By ljh via Discussions on at 26Mar2022 08:28:

What does the 34 mean in the error message?

OverflowError: (34, ‘Result too large’)

OverfloewError will be a subclass of OSError, and on UNIX systems error
34 is usually this:

#define    ERANGE        34    /* Math result not representable */

So you will find that that exception has a .errno attribute equal to 34.

Cameron Simpson

1 Like

If I remember correctly, int uses an array of bytes as a base-256 number. So it is limited only by the amount of memory available.

Decimal is a floating point number like float, the big differences are that it uses base-10 and it has user-configurable arbitrary precision. There are still hard limits: the maximum precision is 425000000 digits on 32-bit platforms, and 999999999999999999 digits on 64-bit platforms.

Although I imagine you might run out of memory long before you can work with that many digits. For example, trying to print a string of 999999999999999999 digits would require more than 888 petabytes of memory just for the string.

The built-in float type is an object-oriented wrapper on the platform C double type, a 64 bit floating point number. It is fixed to the precision of C doubles.

But both Decimal and float have the same overflow and underflow issues. They just occur at different values.

Decimal(0).next_plus()    # smallest denorm Decimal('1E-1000026') with default settings
Decimal(0).next_plus()/2  # underflows to zero

Decimal instances also use more than four times the memory of a float:

# returns 4.333333333333333

Also many float operations are performed directly by the CPU, and are very fast, while Decimal has to be emulated in software.

import timeit
t1 = timeit.Timer('x/2', setup='x = 1.0')
t2 = timeit.Timer('x/2', setup='from decimal import Decimal as D; x = D(1)')

print( min(t1.repeat()) )
print( min(t2.repeat()) )

On my PC, that prints approximately 0.028 for the float, and 0.154 for the Decimal.
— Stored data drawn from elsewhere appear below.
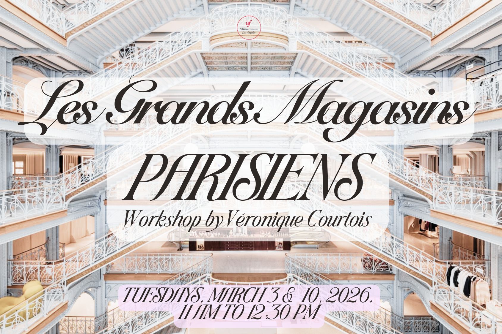 Les Grands Magasins Parisiens - Workshop let by Veronique Courtois Les Galeries Lafayette, La Samaritaine... Come and discover the history of the iconic Parisian "Grands Magasins" in these two entertaining
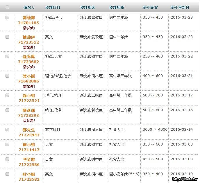 2.搜尋理想地區、科目後,注意家長需求如:須不須試教、附帶條件等等,電話聯繫或投遞履歷
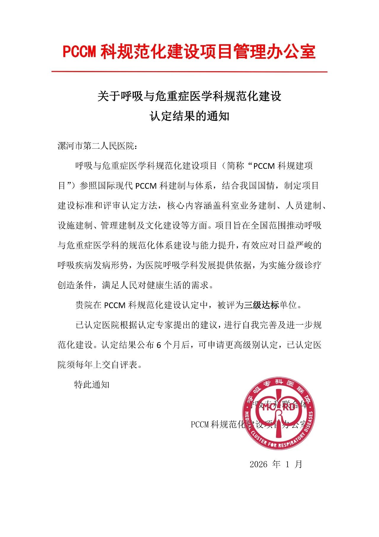 2026年1月10-11日,2026年中國呼吸學(xué)科發(fā)展大會在北京召開。會上,公布了2025年度呼吸與危重癥醫(yī)學(xué)科(PCCM)評審結(jié)果,漯河市第二人民醫(yī)院呼吸與危重癥醫(yī)學(xué)科達(dá)到三級醫(yī)院呼吸學(xué)科達(dá)標(biāo)標(biāo)準(zhǔn)。
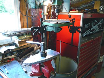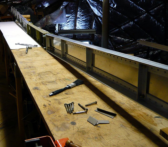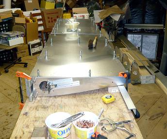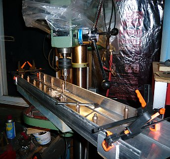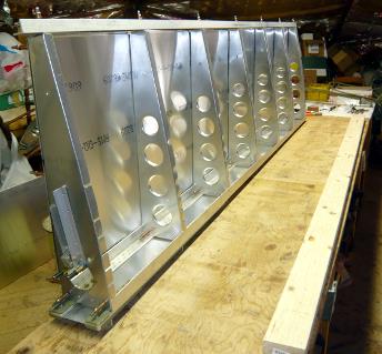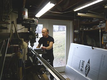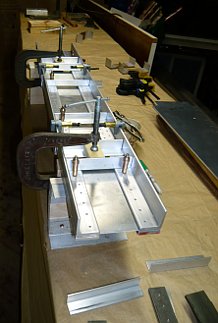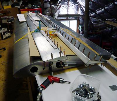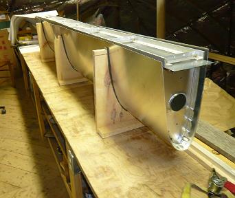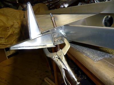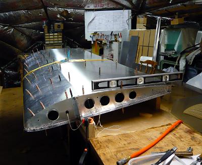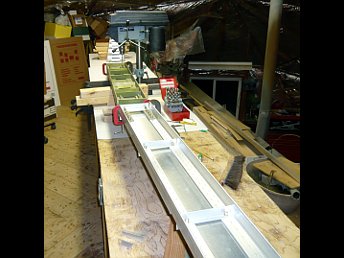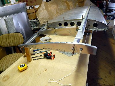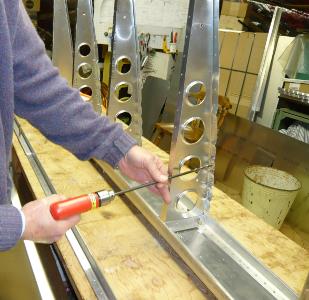 Picking up material at Dillsburg Aeroplane Co.Milling wing spar capsMilling wing spar capsMilling wing spar capsCutting out skins using laminate shearsOffset tin snips are better!Using a hole punch for rib lightening holes; not good.Holes came out undersized and some cracked during flanging.Fly cutting main rib lightening holes.Fly cutting works much better than a hole punchFly cutting works much better than than a hole punch.Flanging main rib lightening holes by driving through a PVC plug.Flanging main rib lightening holes by driving through a PVC plug.Drilling center section rivet holes.Drilling through angles.Arbor press modified with a rivet set.Squeezing rivets with arbor press.Drilling holes for wing bolts.Drilling holes for wing bolts.Completed wing spars.Fitting leading edge skin.Layout out rivet spacing.Leading edges drilled.Wing bottom skins drilled.Drilling rear spar rivet holes.Bottom skin installed.The start of the first wing.Deburring hard to reach places.Riveting bottom skin.Riveting top skin.Assembling ailerons.Piot tube installationPilot tube installationMilling control stick slotControl stick locked in w/Fokker clampsWing extension frame-upFinished wing extension – My skins cut according to the cookie sheets weren’t big enough, especially if LE & TE bends aren’t located just right. While recutting the skins I made them longer, so that they extend 3/4″ beyond the last rib for tip attachment later.Trailing edge rib at point GSecond wing, front spar attachmentRear spar and G-rib attachmentWing extension jigges in alignmentLaying out rivet holes
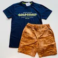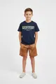 Conjunto infantil composto por camiseta azul marinho com estampa gráfica e bermuda marrom com estampa de folhas. Tecido macio, leve e respirável, para conforto o dia todo.

So float is about 5 or 6 times faster.

1 Like

Thanks, Steven!

OverflowError is a subclass of ArithmeticError. It has no errno attribute, but the exception in this case is created with a C errno value and related message. For example:

>>> raise OverflowError(errno.ERANGE, os.strerror(errno.ERANGE))
Traceback (most recent call last):
  File "<stdin>", line 1, in <module>
OverflowError: (34, 'Numerical result out of range')

Without already being familiar with the errno value, the message, or the fact that libm pow() was called, there’s really no suggestion to check errno.errorcode[34] to discover that 34 is ERANGE.

1 Like

The int type is almost always built with 30-bit digits (C macro PYLONG_BITS_IN_DIGIT), though it also supports 15-bit digits. Here’s an excerpt from “Include/cpython/longintrepr.h”:

/* Parameters of the integer representation.  There are two different
   sets of parameters: one set for 30-bit digits, stored in an unsigned 32-bit
   integer type, and one set for 15-bit digits with each digit stored in an
   unsigned short.  The value of PYLONG_BITS_IN_DIGIT, defined either at
   configure time or in pyport.h, is used to decide which digit size to use.

   Type 'digit' should be able to hold 2*PyLong_BASE-1, and type 'twodigits'
   should be an unsigned integer type able to hold all integers up to
   PyLong_BASE*PyLong_BASE-1.  x_sub assumes that 'digit' is an unsigned type,
   and that overflow is handled by taking the result modulo 2**N for some N >
   PyLong_SHIFT.  The majority of the code doesn't care about the precise
   value of PyLong_SHIFT, but there are some notable exceptions:

   - PyLong_{As,From}ByteArray require that PyLong_SHIFT be at least 8

   - long_hash() requires that PyLong_SHIFT is *strictly* less than the number
     of bits in an unsigned long, as do the PyLong <-> long (or unsigned long)
     conversion functions

   - the Python int <-> size_t/Py_ssize_t conversion functions expect that
     PyLong_SHIFT is strictly less than the number of bits in a size_t

   - the marshal code currently expects that PyLong_SHIFT is a multiple of 15

   - NSMALLNEGINTS and NSMALLPOSINTS should be small enough to fit in a single
     digit; with the current values this forces PyLong_SHIFT >= 9

  The values 15 and 30 should fit all of the above requirements, on any
1 Like

Ah, thanks Eryk Sun.

I wonder where I got the idea that CPython used base-256?